Nella famosa “Tela di Bayeux” sono ben poche gli uomini armati di arco (uno tra le fila
Sassoni e nessuno tra i Normanni): la moltitudine è armata semplicemente con archi e scudi.
Con un certo grado di sicurezza si può afermare che il longbow fu introdotto in Inghilterra
dalla Scandinavia probabilmente durante una delle molte invasioni che i Danesi effettuarono
intorno alla metà dell’anno 1000. E.G. Heath nota che diversi, ben preservati longbow furono
rinvenuti in relitti di imbarcazioni funebri rinvenute a Nydam Moor in Danimarca nel 1863.

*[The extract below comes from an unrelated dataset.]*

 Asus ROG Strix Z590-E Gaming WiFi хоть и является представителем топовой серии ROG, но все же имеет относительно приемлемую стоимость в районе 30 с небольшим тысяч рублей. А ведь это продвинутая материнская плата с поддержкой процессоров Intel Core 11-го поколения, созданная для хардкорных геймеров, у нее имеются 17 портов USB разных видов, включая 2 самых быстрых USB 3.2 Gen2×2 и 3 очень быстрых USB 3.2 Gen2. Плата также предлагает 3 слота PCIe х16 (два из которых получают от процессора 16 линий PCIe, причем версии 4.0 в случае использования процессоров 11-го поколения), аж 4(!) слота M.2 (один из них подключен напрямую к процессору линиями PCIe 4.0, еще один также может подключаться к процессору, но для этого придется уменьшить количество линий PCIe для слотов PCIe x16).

“Questi archi sono stati scientificamente datati tra il 200 e il 400 a.C....”. Questi archi, per l’esattezza sette,
hanno molte caratteristiche simili a quelle die cinque esemplari inglesi precedentemente
descritti. i Nydam Bowa sono die self-bows in legno, lunghi da 5 e 7 pollici del più piccolo ai 6
piedi del più lungo (174-183 cm), la sezione è a “D” e uno di essi presenta dei tips in corno.

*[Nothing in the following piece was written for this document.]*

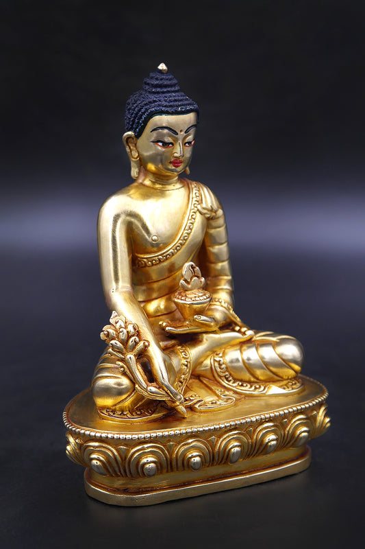 Handmade Gold Plated Medicine Buddha Statue 5.5"
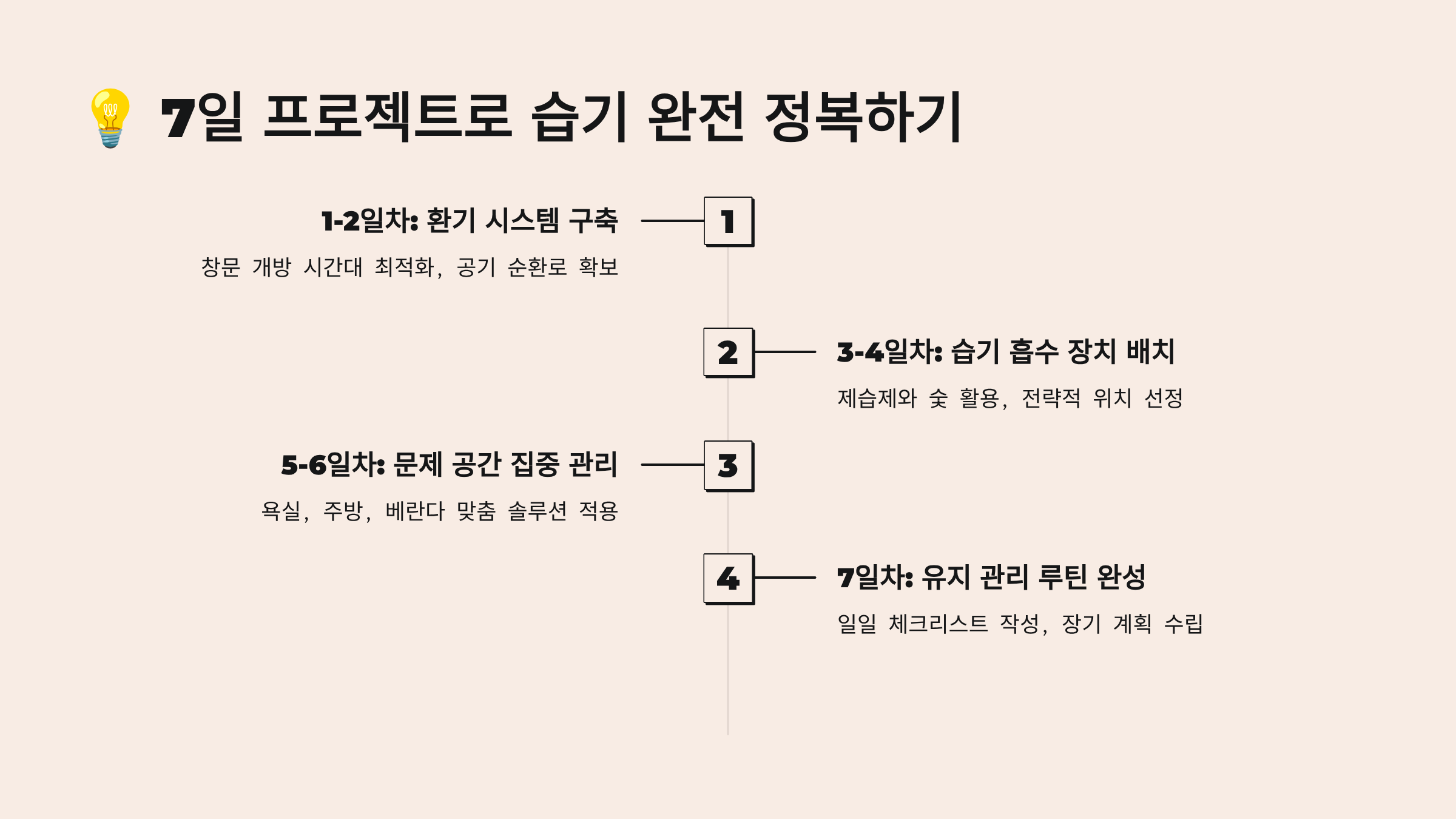 이제부터 소개할 7일 프로젝트는 체계적이고 과학적인 접근법으로 장마철 습기 문제를 완벽하게 해결해요. 매일 다른 공간과 방법에 집중하여 효율적으로 진행하는 것이 핵심이죠. 준비물도 특별한 것 없이 집에 있는 물건들과 마트에서 쉽게 구할 수 있는 것들이에요.

Differenze non sostanziali sono la presenza su questi di alcuni intagli ornamentali e dal fatto
che da tracce rinvenute, venivano spalmati di pece.

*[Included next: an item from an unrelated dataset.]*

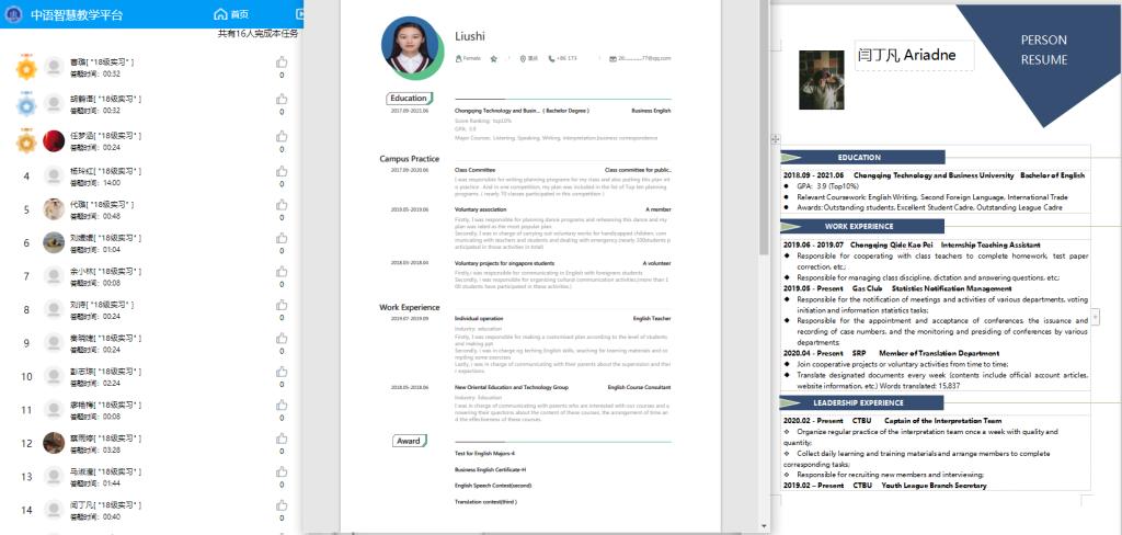 整个实习过程中,同学们严格遵守实习纪律,做到了有条不紊,循序渐进。每位同学都充分把握机会,体验数字化、移动化、智能化的线上实习带来的便利,把企业方提供的外贸业务员、外语职场能力体验师和语言能力体验师等实习岗位当成真正的职场角色来看待,实习任务完成率高达95%。

Di recente il dr. A. Lieshf dell’Università di Oslo, ha scoperto in una tomba un longbow
vichingo. Il legno era completamente deteriorato ma una fascia metallica utilizzata come
rinforzo ne resta a testimonianza.
Il longbow medievale inglese era un’arma superba. Incredibilmente potente, rapido e
mortale. Un’arma che poteva portare un semplice armato a essere superiore a un Cavaliere...
il Regno d’Inghilterra a essere padrone dell’Europa occidentale.